Return exactly the lines from the one containing "ذات الجودة الاحترافية." through the end of the material below, and leave the images out.

┌────────

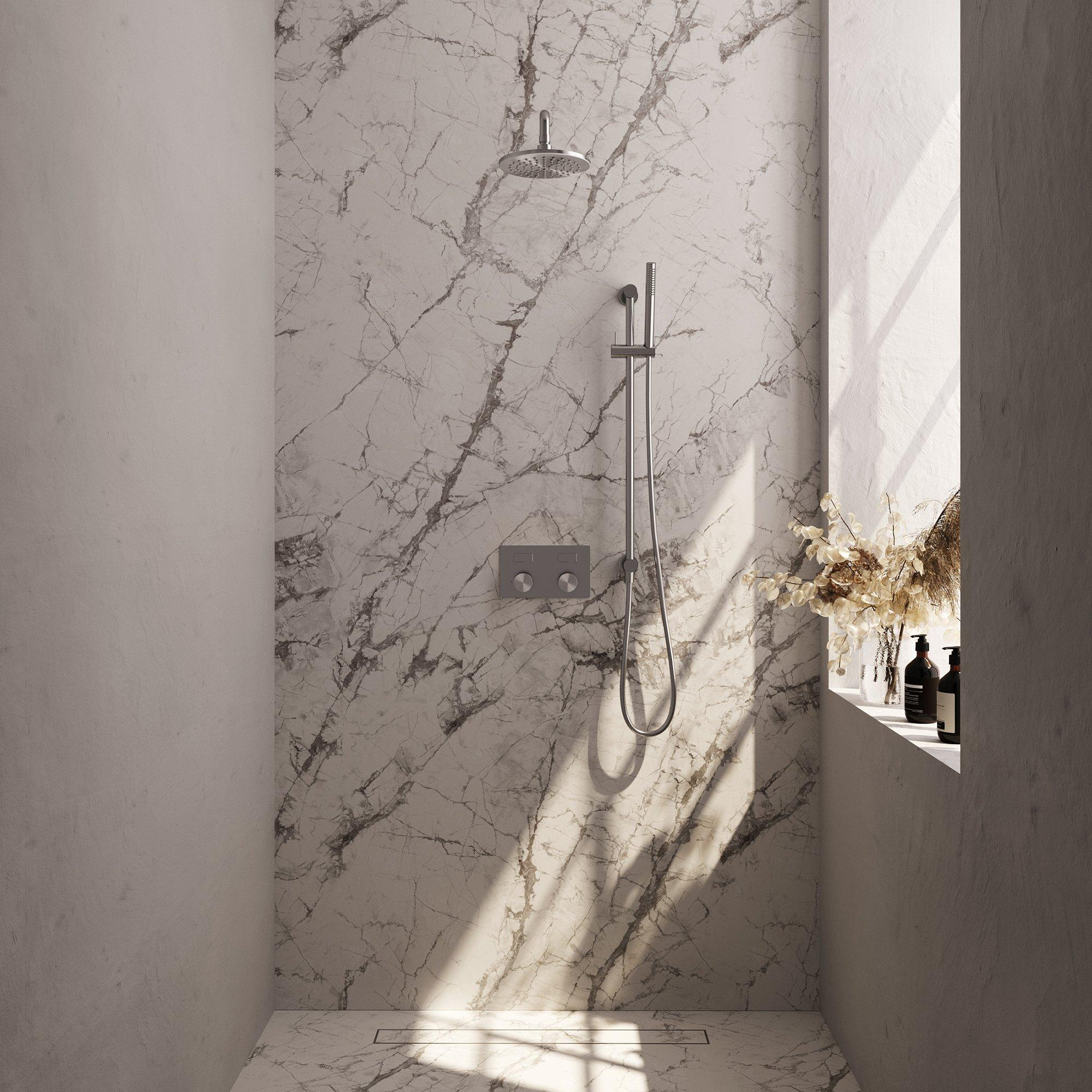 RVS geborsteld - Diameter hoofddouche: 20cm - Handdouche: Rond - Douchearm montage: Wandarm recht - Carving Knoppen (€ 1.645,30 )
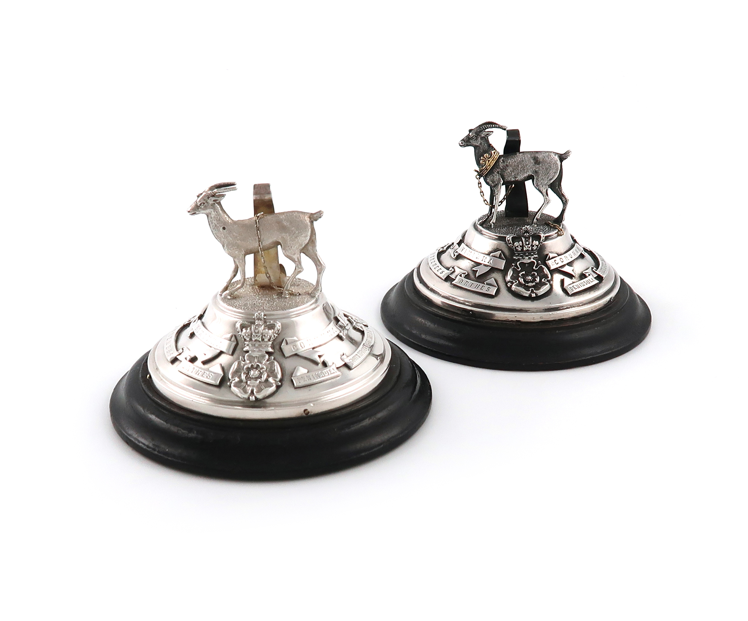 modelled as the regimental badge, one with a crown around its neck, on raised circular bases on wooden plinths, engraved 'H McC' for Harry McCalmont', height 7.2cm. (2)
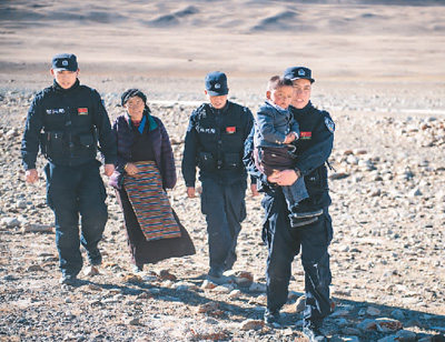 普瑪江塘邊境派出所坐落於(yu) 此,派出所的移民管理警察守護著轄區內(nei) 的祖國領土。民警們(men) 常在中國和不丹的邊境地區巡邏,那裏冰川密布,碎石路下往往暗藏冰裂縫。巡邏途中,民警們(men) 會(hui) 熱心幫助前來求助的牧民群眾(zhong) 。“鄉(xiang) 親(qin) 們(men) 有困難總是會(hui) 想到我們(men) 。”民警阿旺平措說。
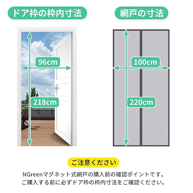 【網戸の選び方】網戸のサイズ:100x220cm。ドア枠の枠内寸法は取り付けられる網戸のサイズに繋がりますので、ご購入前に必ずドア枠の枠内寸法をご確認ください。
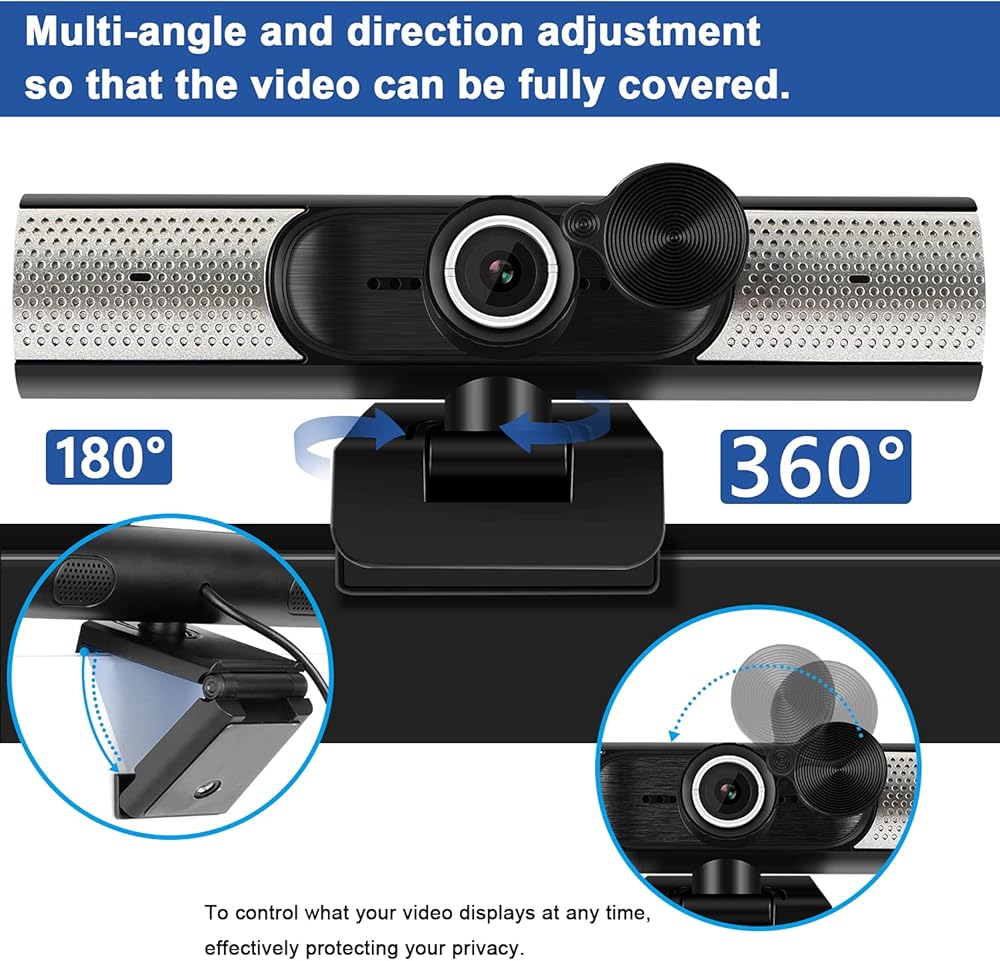【كاميرا ويب مع ميكروفون ومكبرات صوت】: التصميم الفريد لهذه الكاميرا المدمج في ميكروفون ستيريو رقمي ومكبرات صوت مزدوجة، وظيفة تقليل الضوضاء التلقائية، تجعل الصوت أكثر نقاءً ووضوحًا، يمكنك سماع صوتك حتى على مسافة 10 أقدام. تتميز مكبرات الصوت بأنها واضحة وخالية من الضوضاء، وتعكس بشكل مثالي مجموعة متنوعة من الترددات العالية والمنخفضة. مصمم لمكالمات الفيديو والتسجيلات والاجتماعات والألعاب ذات الجودة الاحترافية.
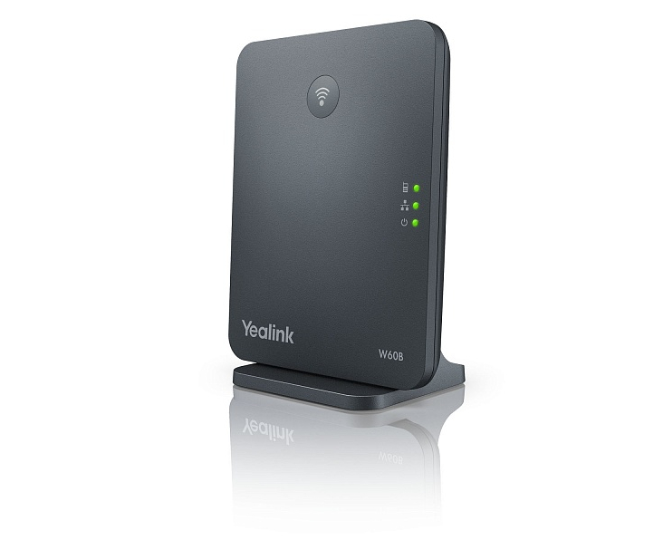 Yealink W60B - базовая станция IP-DECT. Обеспечивает возможность подключения до 8 беспроводных устройств при радиусе действия до 50 метров в помещении и до 300 метров на открытом пространстве. На станции возможна регистрация до 8 SIP-аккаунтов и до 8 одновременных разговоров. Для обеспечения более широкого покрытия сигнала, можно использовать до 6 DECT-репитеров. Поддерживается питание по PoE. Возможно восстановление программного обеспечения при любом сбое.
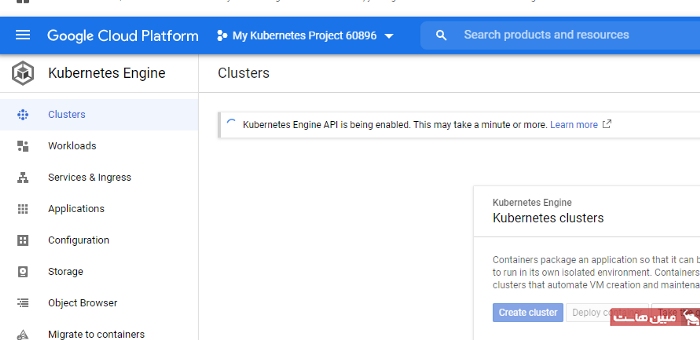 مانند تصویر زیر، بررسی کنید که آیا پیام «Kubernetes engine API is being enabled» ظاهر میشود یا خیر.

└────────

* Written solution *
【كاميرا ويب مع ميكروفون ومكبرات صوت】: التصميم الفريد لهذه الكاميرا المدمج في ميكروفون ستيريو رقمي ومكبرات صوت مزدوجة، وظيفة تقليل الضوضاء التلقائية، تجعل الصوت أكثر نقاءً ووضوحًا، يمكنك سماع صوتك حتى على مسافة 10 أقدام. تتميز مكبرات الصوت بأنها واضحة وخالية من الضوضاء، وتعكس بشكل مثالي مجموعة متنوعة من الترددات العالية والمنخفضة. مصمم لمكالمات الفيديو والتسجيلات والاجتماعات والألعاب ذات الجودة الاحترافية.
 Yealink W60B - базовая станция IP-DECT. Обеспечивает возможность подключения до 8 беспроводных устройств при радиусе действия до 50 метров в помещении и до 300 метров на открытом пространстве. На станции возможна регистрация до 8 SIP-аккаунтов и до 8 одновременных разговоров. Для обеспечения более широкого покрытия сигнала, можно использовать до 6 DECT-репитеров. Поддерживается питание по PoE. Возможно восстановление программного обеспечения при любом сбое.
 مانند تصویر زیر، بررسی کنید که آیا پیام «Kubernetes engine API is being enabled» ظاهر میشود یا خیر.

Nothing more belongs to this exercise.